# I'm an independent who hates Clinton



## tycho1572 (Sep 2, 2016)

She is easily the most corrupt and vile polotician we've ever had. 

Can I post now?


----------



## Care4all (Sep 2, 2016)

She is neither vile or corrupt!  And of course you can post now!  Welcome aboard!


----------



## tycho1572 (Sep 2, 2016)

Thanks.


----------



## tycho1572 (Sep 2, 2016)

I hope the mods forgive me for believing she really is that bad.


----------



## Grandma (Sep 2, 2016)

Shouldn't have used the word "vile." 

Please don't lie and say you're an independent.


----------



## Hugo Furst (Sep 2, 2016)

Grandma said:


> Shouldn't have used the word "vile."
> 
> Please don't lie and say you're an independent.





Grandma said:


> Shouldn't have used the word "vile."



Why not?


----------



## tyroneweaver (Sep 2, 2016)

tycho1572 said:


> She is easily the most corrupt and vile polotician we've ever had.
> 
> Can I post now?


I think most of the Trump voters fall into that category.


----------



## tycho1572 (Sep 2, 2016)

Grandma said:


> Shouldn't have used the word "vile."
> 
> Please don't lie and say you're an independent.



I am an independent, and I always strive to be totally honest with what I believe.

I know the word 'vile' might seem a bit harsh, but it's how I feel about her.


----------



## JakeStarkey (Sep 2, 2016)

Welcome aboard.  She may be vile, and so is Trump.


----------



## tycho1572 (Sep 2, 2016)

Trump is a shrewd businessman who has made questionable decisions. 

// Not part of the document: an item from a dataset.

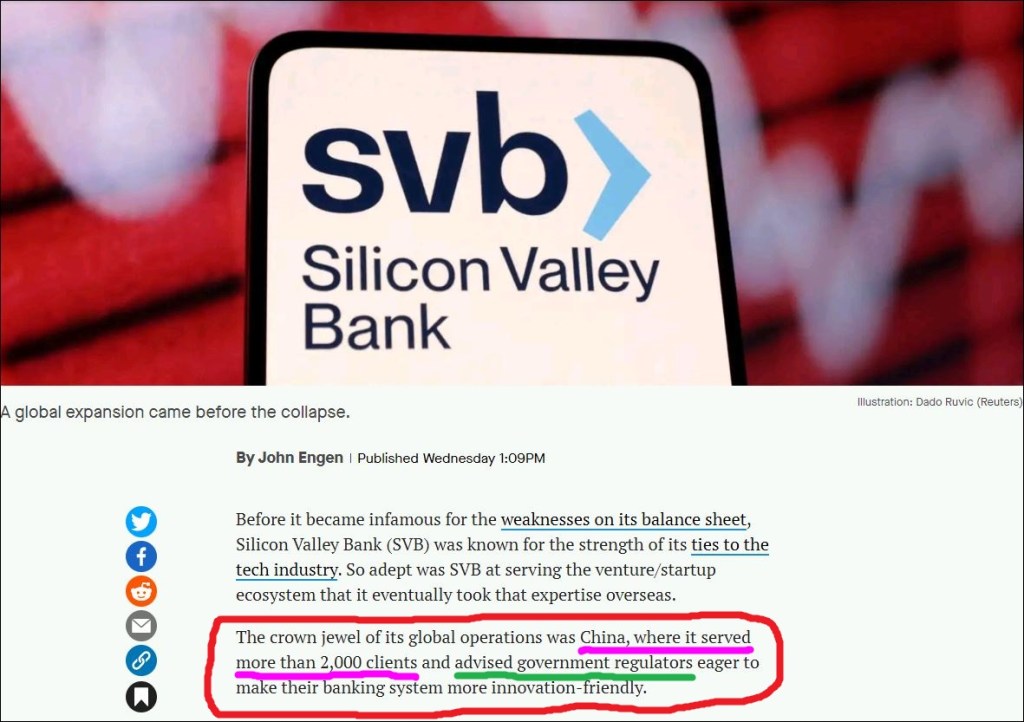 …Good Morning FRIENDS…NEW CONCERN…just a question…asked with very little research…but it seems to me…SVB’s failure is gonna have MASSIVE REPERCUSSIONS!!! It seems that SVB has/had more than 2,000 Chinese Accounts…and no less than three physical office locations in MAINLAND CHINA!!!…(full disclosure here…I am NOT a financial/banking person…just a simple hard rock minor of FACTS) that being said…then…with FJB/Yellen’s All Deposits will be made whole GOVERNMENT BAILOUT, seems to me that the American Taxpayer is bailing out CHINA!!! Tell me if I am wrong!!!

Hillary is a career polotician who has long history of being corrupt polotician.


----------



## Yousaidwhat (Sep 2, 2016)

tycho1572 said:


> She is easily the most corrupt and vile polotician we've ever had.
> 
> Can I post now?


You can post tomorrow.

Do you have a green card?

Passport?

Birth certificate?

You don't really hate Hillary. 

Our resident associates will declare that she is as pure as the driven snow. 

They will defend her vociferously.

She has been coronated. 

Oh. And welcome.

To the machine.


----------



## rdean (Sep 2, 2016)

tycho1572 said:


> She is easily the most corrupt and vile polotician we've ever had.
> 
> Can I post now?


Why?  I was just watching a story about all the right wing conspiracies against Mrs. Clinton.  
Here is a list of the conspiracies going back 30 years.  Notice she has never been charged nor convicted of anything.

Here come the crazy Clinton conspiracies of the 1990s


----------



## Yousaidwhat (Sep 2, 2016)

tycho1572 said:


> I hope the mods forgive me for believing she really is that bad.





tycho1572 said:


> Trump is a shrewd businessman who has made questionable decisions.
> 
> Hillary is a career polotician who has long history of being corrupt polotician.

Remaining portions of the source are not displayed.